This…a parliament? It’s more like a traveling circus.
Now, all of Europe knows that it’s costing nearly €300 million every year to move this back and forth from Brussels to Strasbourg, so why isn’t it reformed? Well, the way the EU has been structured, to change that would require changing the treaties, and to change the treaties would need all 28 member governments to agree not to go to Strasbourg twelve times a year. And do you know something? The French are never going to agree to that, ‘cause it’s in their economic interests for the traveling circus to go to Strasbourg. And it shows you that a system of law-making has been devised where not only can the voters not change anything, but the institutions themselves are pretty much incapable of reform.

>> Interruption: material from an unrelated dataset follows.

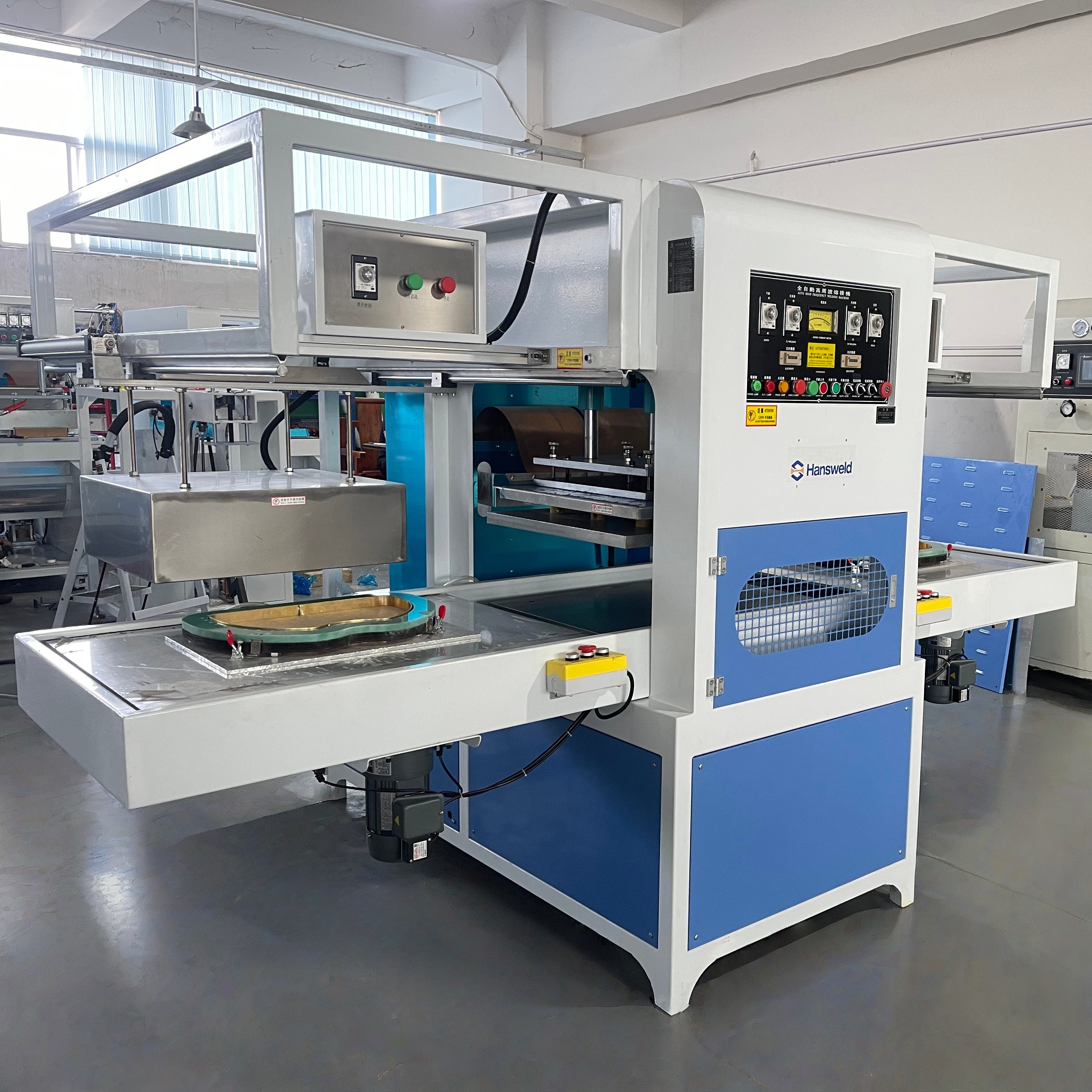 This machine features a 15kW high-frequency power output, specifically designed for the welding process of toilet seat cushions. It offers uniform heating, strong weld strength, and high efficiency, making it ideal for fast bonding and shaping of materials such as foam, PVC, and PU. Equipped with an intuitive control interface and smart control system, it allows precise adjustment of welding time and temperature to ensure consistent product quality. With a robust structure, it supports long-term continuous operation, making it an excellent choice for sanitary accessory manufacturing.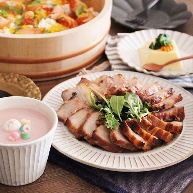 ひな祭りのごちそうメニューには、チャーシューがおすすめです。ちらし寿司やお吸い物などの料理とも相性が良く、どんな献立にも合わせやすいです。

Unfortunately, this is no laughing matter. Let me give you an example my countrymen know only too well.
The United Kingdom is an island; it’s surrounded by the sea, and yet, as members of the European Union, we were only allowed to catch 20% of the fish swimming in territorial British waters. What that meant was tens of thousands of jobs were lost in Britain’s coastal communities as we effectively gave away the ability to look after one of our greatest resources to a bureaucracy based in Brussels. No wonder we left the EU.
Again, I have nothing against Europe; quite the opposite. I want good relations between all the European nations. I want prosperous, free, and fair trade between those nations. But I’ll be damned if I’m going to give up my rights as a British citizen so that some Eurocrat can tell me how to live.
I won’t do it, and I’m certain that across the continent, ultimately, the French and the Italians won’t put up with it either.
I’m Nigel Farage for Prager University.